> _SUPPLIED DATA_:
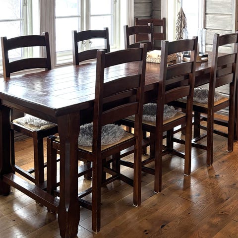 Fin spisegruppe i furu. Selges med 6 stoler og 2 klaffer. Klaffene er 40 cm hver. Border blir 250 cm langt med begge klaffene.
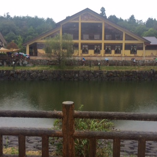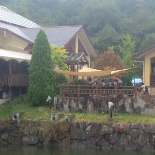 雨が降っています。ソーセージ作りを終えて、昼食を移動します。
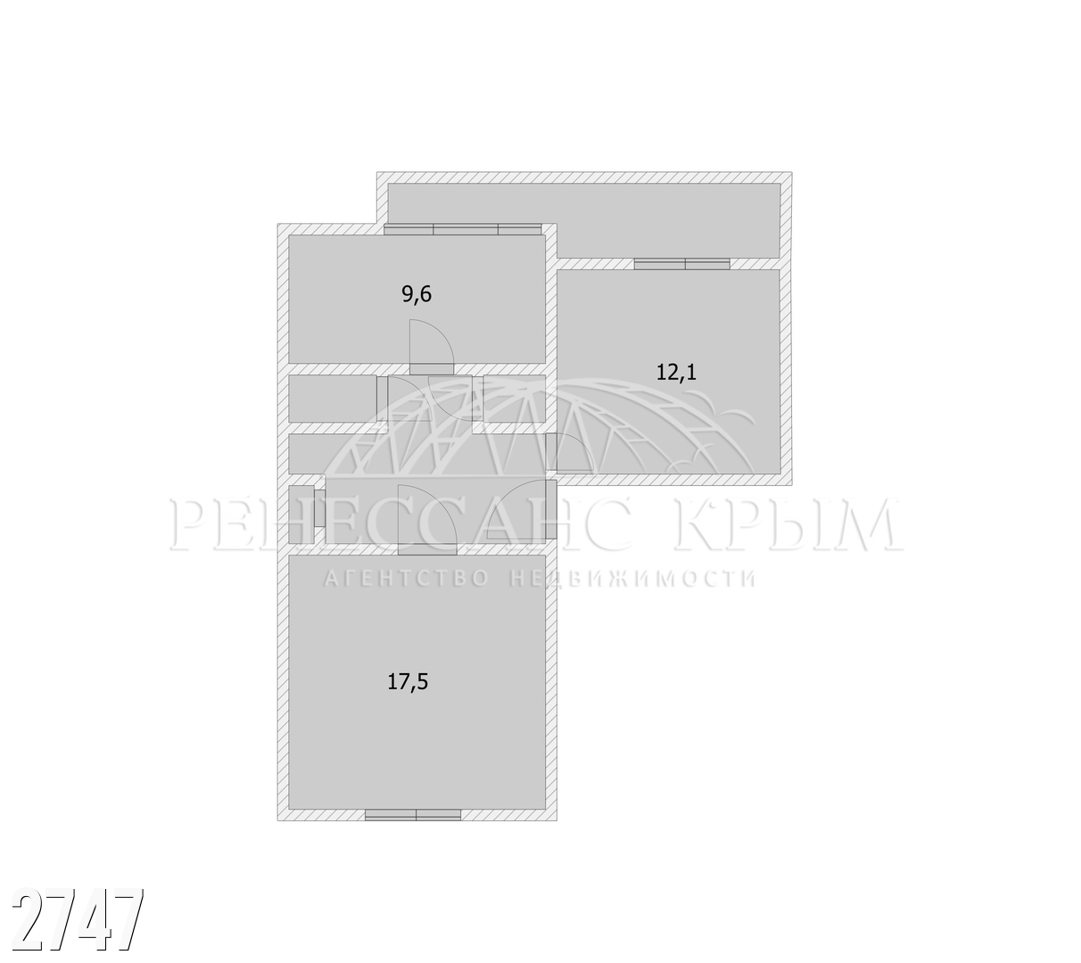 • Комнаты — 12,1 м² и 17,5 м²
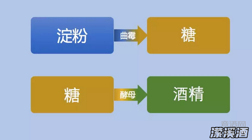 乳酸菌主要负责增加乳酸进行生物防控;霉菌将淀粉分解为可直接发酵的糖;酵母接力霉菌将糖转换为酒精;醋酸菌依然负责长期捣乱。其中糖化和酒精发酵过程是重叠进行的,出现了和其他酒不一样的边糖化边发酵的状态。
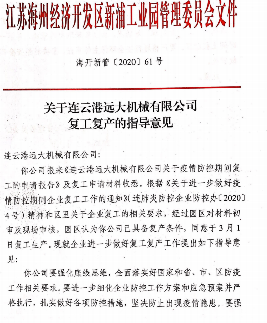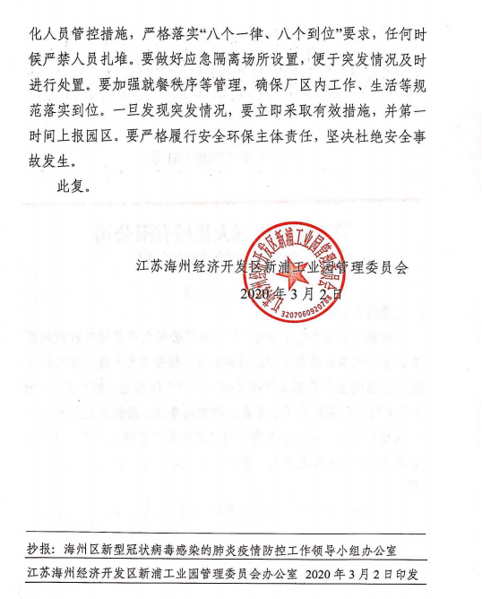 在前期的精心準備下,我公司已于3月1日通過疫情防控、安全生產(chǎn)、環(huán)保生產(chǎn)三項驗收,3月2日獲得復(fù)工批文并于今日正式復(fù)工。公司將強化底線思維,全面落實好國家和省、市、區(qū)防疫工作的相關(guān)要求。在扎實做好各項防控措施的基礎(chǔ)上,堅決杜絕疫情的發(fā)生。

* * *

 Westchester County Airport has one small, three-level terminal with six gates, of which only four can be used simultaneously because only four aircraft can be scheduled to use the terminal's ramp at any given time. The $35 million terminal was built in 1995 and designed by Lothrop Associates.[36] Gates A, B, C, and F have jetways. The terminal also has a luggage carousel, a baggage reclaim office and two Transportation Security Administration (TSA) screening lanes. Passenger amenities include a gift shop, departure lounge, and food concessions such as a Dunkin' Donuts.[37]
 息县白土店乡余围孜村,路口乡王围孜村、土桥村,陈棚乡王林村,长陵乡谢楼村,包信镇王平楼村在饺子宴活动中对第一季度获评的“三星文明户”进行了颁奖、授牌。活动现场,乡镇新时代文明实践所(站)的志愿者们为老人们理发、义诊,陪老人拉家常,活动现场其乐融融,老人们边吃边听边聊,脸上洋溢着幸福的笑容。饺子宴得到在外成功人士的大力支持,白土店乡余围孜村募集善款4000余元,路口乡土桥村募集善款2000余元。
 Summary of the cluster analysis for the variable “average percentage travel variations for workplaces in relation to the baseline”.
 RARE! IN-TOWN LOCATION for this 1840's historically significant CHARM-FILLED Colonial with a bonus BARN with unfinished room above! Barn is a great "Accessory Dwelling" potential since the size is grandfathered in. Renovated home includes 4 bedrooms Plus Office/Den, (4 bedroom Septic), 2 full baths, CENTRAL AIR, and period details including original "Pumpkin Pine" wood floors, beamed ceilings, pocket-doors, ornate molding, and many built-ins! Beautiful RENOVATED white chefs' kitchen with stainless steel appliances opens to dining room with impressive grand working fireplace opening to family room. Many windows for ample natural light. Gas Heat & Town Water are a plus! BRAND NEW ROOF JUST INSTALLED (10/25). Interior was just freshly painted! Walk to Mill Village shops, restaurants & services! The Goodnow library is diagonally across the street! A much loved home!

--

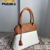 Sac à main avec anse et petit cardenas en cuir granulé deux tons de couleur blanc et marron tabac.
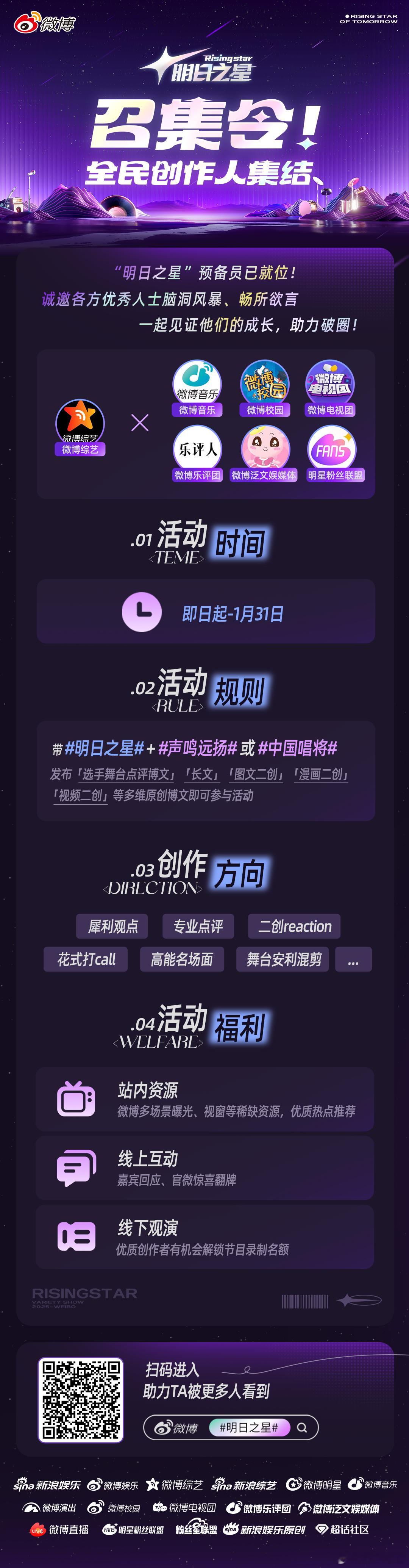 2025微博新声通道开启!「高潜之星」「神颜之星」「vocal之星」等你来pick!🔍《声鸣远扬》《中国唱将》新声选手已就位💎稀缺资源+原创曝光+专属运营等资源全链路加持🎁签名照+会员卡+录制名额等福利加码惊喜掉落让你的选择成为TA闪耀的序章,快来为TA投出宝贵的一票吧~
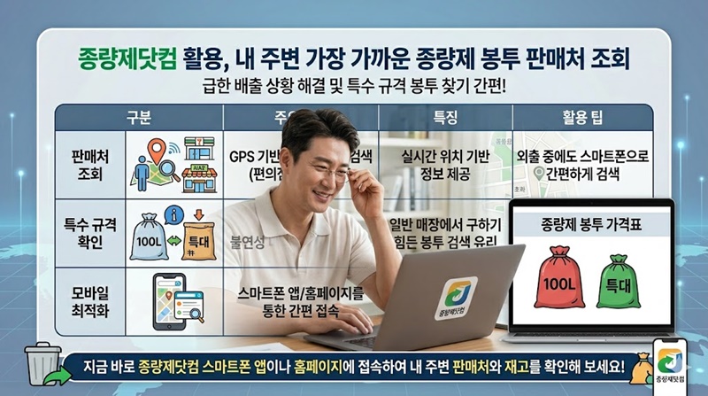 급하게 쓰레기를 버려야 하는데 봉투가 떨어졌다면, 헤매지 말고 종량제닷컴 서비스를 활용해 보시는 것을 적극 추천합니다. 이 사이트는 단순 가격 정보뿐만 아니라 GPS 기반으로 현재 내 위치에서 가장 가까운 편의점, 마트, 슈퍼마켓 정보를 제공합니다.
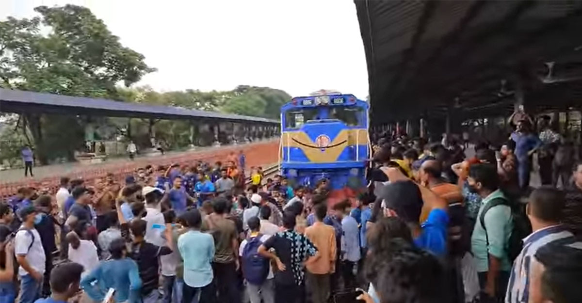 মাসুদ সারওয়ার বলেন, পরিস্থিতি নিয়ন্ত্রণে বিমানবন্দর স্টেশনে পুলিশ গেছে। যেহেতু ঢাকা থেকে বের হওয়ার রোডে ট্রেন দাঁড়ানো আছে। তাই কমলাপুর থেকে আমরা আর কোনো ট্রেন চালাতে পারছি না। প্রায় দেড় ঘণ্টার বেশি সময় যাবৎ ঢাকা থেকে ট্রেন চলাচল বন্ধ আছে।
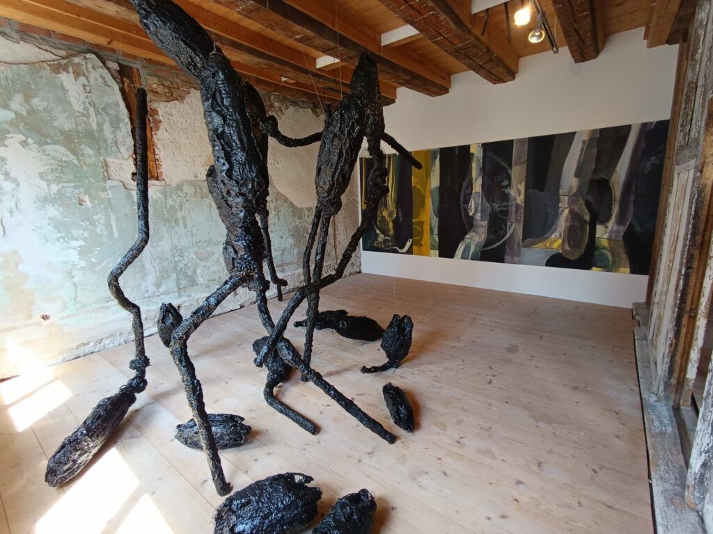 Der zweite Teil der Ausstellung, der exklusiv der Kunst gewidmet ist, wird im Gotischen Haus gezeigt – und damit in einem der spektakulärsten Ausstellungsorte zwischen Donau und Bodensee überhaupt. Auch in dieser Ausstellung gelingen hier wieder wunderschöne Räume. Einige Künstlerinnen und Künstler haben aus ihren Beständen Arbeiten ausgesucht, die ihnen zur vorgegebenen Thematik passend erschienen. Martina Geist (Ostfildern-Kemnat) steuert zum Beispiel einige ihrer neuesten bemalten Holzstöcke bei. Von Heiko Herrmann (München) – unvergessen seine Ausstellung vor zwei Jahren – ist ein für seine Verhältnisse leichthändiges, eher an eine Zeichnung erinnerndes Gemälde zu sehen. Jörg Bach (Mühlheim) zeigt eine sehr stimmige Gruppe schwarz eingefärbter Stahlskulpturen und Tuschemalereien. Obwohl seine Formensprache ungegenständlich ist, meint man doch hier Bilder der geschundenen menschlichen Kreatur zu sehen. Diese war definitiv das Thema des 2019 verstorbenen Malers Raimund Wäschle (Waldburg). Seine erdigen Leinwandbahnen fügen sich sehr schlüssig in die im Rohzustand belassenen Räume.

> _TASK REQUIREMENTS_:
All lines in the data above from the one with "息县白土店乡余围孜村,路口乡" through the one with "Summary of the" must be repeated exactly, and no others.

> _EXERCISE OUTPUT_:
 息县白土店乡余围孜村,路口乡王围孜村、土桥村,陈棚乡王林村,长陵乡谢楼村,包信镇王平楼村在饺子宴活动中对第一季度获评的“三星文明户”进行了颁奖、授牌。活动现场,乡镇新时代文明实践所(站)的志愿者们为老人们理发、义诊,陪老人拉家常,活动现场其乐融融,老人们边吃边听边聊,脸上洋溢着幸福的笑容。饺子宴得到在外成功人士的大力支持,白土店乡余围孜村募集善款4000余元,路口乡土桥村募集善款2000余元。
 Summary of the cluster analysis for the variable “average percentage travel variations for workplaces in relation to the baseline”.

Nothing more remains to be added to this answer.